I would like to keep the existing data - just jumble it up among the rows in the table.

This is a task for a Shuffle Rule. Shuffle rules randomly move the existing values in a column of data between the rows. This masks the data by removing the associations between items in the same row.

I have masked some data and I need to make some other columns change to the same values.

This is synchronization - and there are three types. The way to choose the most appropriate type is to consider the location of the source and target columns. If the information has to be synchronized in columns within the same row, then the requirement is Row-Internal Synchronization and a Row-Internal Synchronization rule is the option to choose. If the data to be synchronized consists of making groups of rows in the same table contain columns with identical values, then the Table-Internal Synchronization is required and a Table-Internal Synchronization rule is the one to use. The final type of synchronization is Table-To-Table - this occurs when the data in one table needs to match the newly masked data in another. This is probably the most common type of synchronization and the Table-To-Table Synchronization rule is designed for that purpose.

I have an empty table, I need to populate it with dummy data.

This is a job for an Insertion rule. An Insertion rule works just like a Substitution rule except that it creates rows rather than substituting existing values. Usually, Insertion rules are used to populate the NOT NULL columns of a table then substitution rules (with appropriate datasets) are used to fill in the other empty fields.

I need to perform an action such as truncating a table or creating a temporary index.

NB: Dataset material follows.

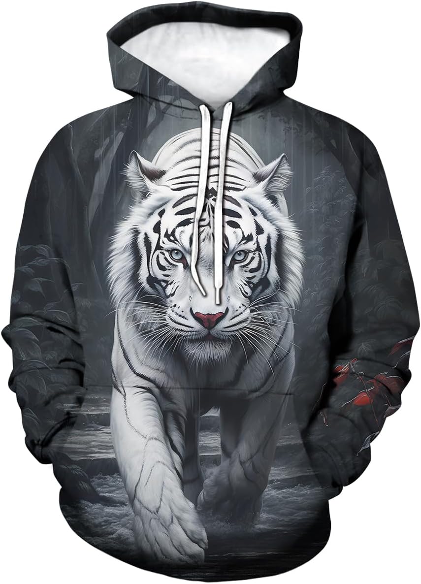 Vintage Spicy Ink Tiger Cool Graphic Hooded Sweatshirts Pullover Gorgeous White Tiger Hoodie Hoodies

This is definitely a task for a Command rule. A Command rule can run any SQL command or T-SQL block. This includes such things as building or dropping tables or performing manual inserts and updates.

Some rules are running slowly because UPDATE triggers are firing.

Confirm that it is not essential for the triggers to fire and implement a Trigger Disable to disable the triggers and a subsequent Trigger Enable rule to re-enable them once the other masking rules have finished. Be sure to use rule blocks in order to make sure the Trigger Disable and Enable rules execute in the proper sequence.